This account would predict that the median absent RT should lie relatively far out on the target present distribution. The exact position would depend on the model and the error rate for the observer but, to a first approximation, one would imagine that the median absent RT should lie around the 95th percentile on the target present distribution if the observer was willing to tolerate about 5% miss errors. Looking at the data in Figure 4, the distributions seem to overlap more than this prediction would allow. This point is illustrated more quantitatively in Figure 5.

Figure 5.

Figure 5

Target-present cumulative distribution function plotted against target absent for the conjunction data of Figure 4. Vertical line represents the median of the absent distributions. Horizontal arrows show where those medians fall on the target present distribution. Each line represents a different set size from thin, light blue (3) to fat, dark red (18).

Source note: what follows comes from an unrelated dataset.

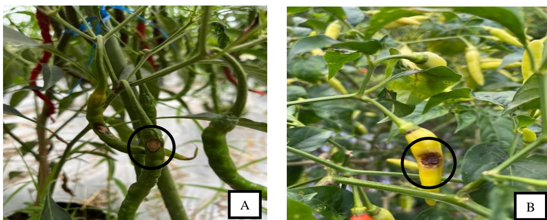
Gambar 2. Gejala khas penyakit antraknosa pada A. cabai merah dan B. cabai rawit

Pengamatan di lapangan menunjukkan adanya beberapa tanaman yang memperlihatkan gejala khas penyakit antraknosa, seperti bercak nekrotik berbentuk melingkar, lesi berwarna gelap, dan hingga busuk pada buah (Gambar 2). Hal ini sesuai dengan hasil penelitian (Bandgar et al., 2018)(Ibrahim & Hidayat, 2017)(Zakaria, 2021)(Rattanakreetakul et al., 2023)(Luis et al., 2025) gejala antraknosa pada buah memiliki bercak nekrotik bulat, cekung dan gelap kehitaman.

For illustrative purposes, Figure 5 shows the conjunction search data for the sample observer of Figure 4. The median target absent RTs for this observer in the conjunction task lie between the 75th and 85th percentiles on the target present distribution, meaning that half of the absent RTs take less time than 15-25% of the present RTs. Table 1 shows these data summarized across all observers for the conjunction condition.

Table 1. Location of the median target-absent RT on the target-present RT distribution.

The values in this table are obtained by finding the percentile on the target present distribution that corresponds to the median target absent RT for the conjunction task. Mean percentile, standard deviations, and confidence intervals are derived from the data of all observers. Average miss errors are tabulated in the bottom row.

Set size 3 Set size 6 Set size 12 Set size 18
Mean percentile 70.05 76.83 82.03 82.67
Std. Deviation 9.928 7.448 7.174 8.863
Std. Error 3.139 2.355 2.269 2.803
Lower 95% CI of mean 62.95 71.50 76.90 76.33
Upper 95% CI of mean 77.15 82.16 87.16 89.01
Miss Errors 2.2% 2.5% 3.0% 4.9%

Results are similar for the other two tasks. It is clear that placing a quitting criterion at the position of the median absent RT would predict error rates much higher than the 2-5% errors produced by our observers in this condition (bottom row of table). Whatever rule is being used to terminate target absent searches, it is not simply to wait until there is only a 2-5% chance of a longer target present RT. One possibility is that the post-decision component of target present responses takes longer than the post-decision component of target absent. Hypothetically, a decision to respond, “yes, I see the target”, might invoke additional processes (perhaps the planning of a saccade) while the decision to respond “no” would not. The result would be that the final target-present RT distribution would slide a bit closer to the target absent distribution, producing the effect seen here. Alternatively, the decision to quit might be based on an internal signal; for instance, some count of the number of deployments of attention, rather than on elapsed time. These particular solutions to the problem are, of course, entirely ad hoc, but the example serves to illustrate how examination of distributions can shape theory.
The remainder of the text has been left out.